What is needed - Write out only the lines from the line containing "Editor: This intriguing" to the end of the listing below, both included, exactly as they stand. Drop the pictures.

----- Data excerpt

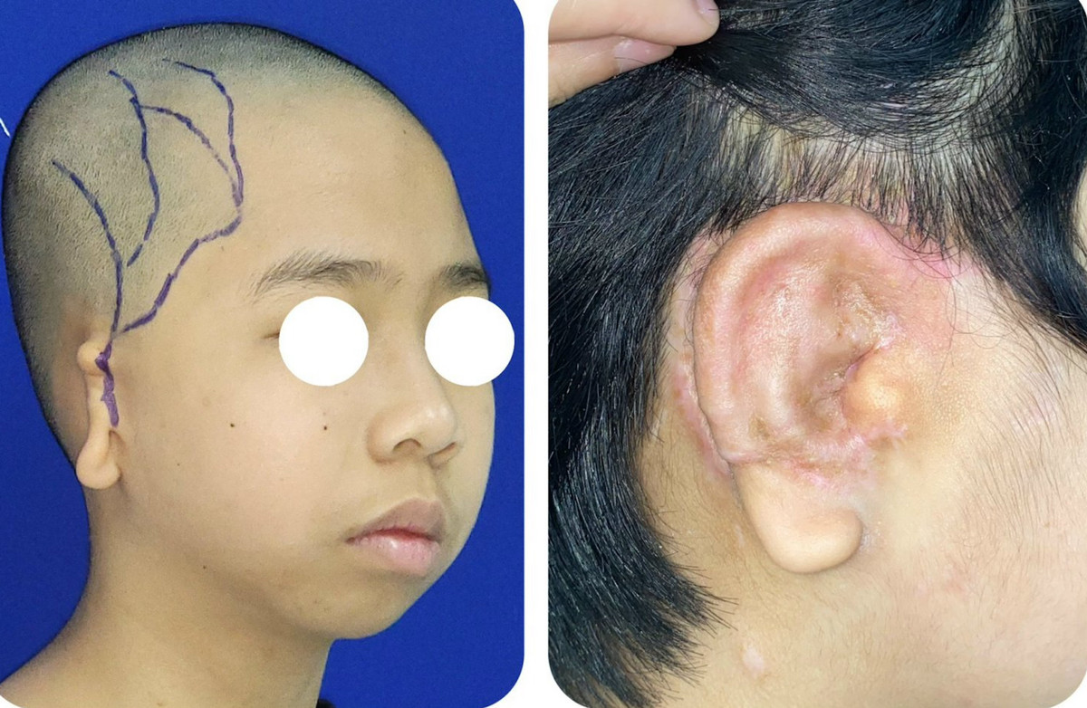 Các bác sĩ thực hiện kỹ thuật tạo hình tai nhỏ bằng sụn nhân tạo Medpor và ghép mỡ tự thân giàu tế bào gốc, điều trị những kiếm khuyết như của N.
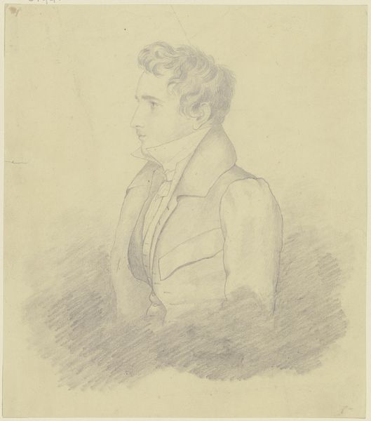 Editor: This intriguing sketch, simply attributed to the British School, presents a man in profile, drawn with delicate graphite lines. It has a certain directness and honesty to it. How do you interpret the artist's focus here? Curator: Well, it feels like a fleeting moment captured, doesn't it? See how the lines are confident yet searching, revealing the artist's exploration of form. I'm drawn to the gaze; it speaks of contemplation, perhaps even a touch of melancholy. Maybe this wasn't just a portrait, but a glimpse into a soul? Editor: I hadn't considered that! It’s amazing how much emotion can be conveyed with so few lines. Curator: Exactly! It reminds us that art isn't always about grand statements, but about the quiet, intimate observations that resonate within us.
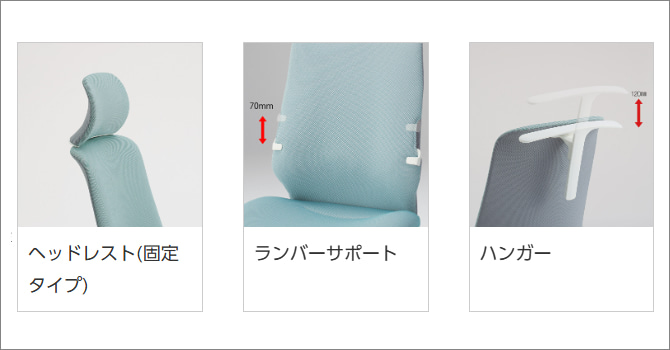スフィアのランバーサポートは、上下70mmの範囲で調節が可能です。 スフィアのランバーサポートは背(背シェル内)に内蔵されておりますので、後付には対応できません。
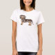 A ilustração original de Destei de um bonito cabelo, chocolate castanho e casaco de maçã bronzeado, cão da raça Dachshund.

----------

Written answer -
 Editor: This intriguing sketch, simply attributed to the British School, presents a man in profile, drawn with delicate graphite lines. It has a certain directness and honesty to it. How do you interpret the artist's focus here? Curator: Well, it feels like a fleeting moment captured, doesn't it? See how the lines are confident yet searching, revealing the artist's exploration of form. I'm drawn to the gaze; it speaks of contemplation, perhaps even a touch of melancholy. Maybe this wasn't just a portrait, but a glimpse into a soul? Editor: I hadn't considered that! It’s amazing how much emotion can be conveyed with so few lines. Curator: Exactly! It reminds us that art isn't always about grand statements, but about the quiet, intimate observations that resonate within us.
スフィアのランバーサポートは、上下70mmの範囲で調節が可能です。 スフィアのランバーサポートは背(背シェル内)に内蔵されておりますので、後付には対応できません。
 A ilustração original de Destei de um bonito cabelo, chocolate castanho e casaco de maçã bronzeado, cão da raça Dachshund.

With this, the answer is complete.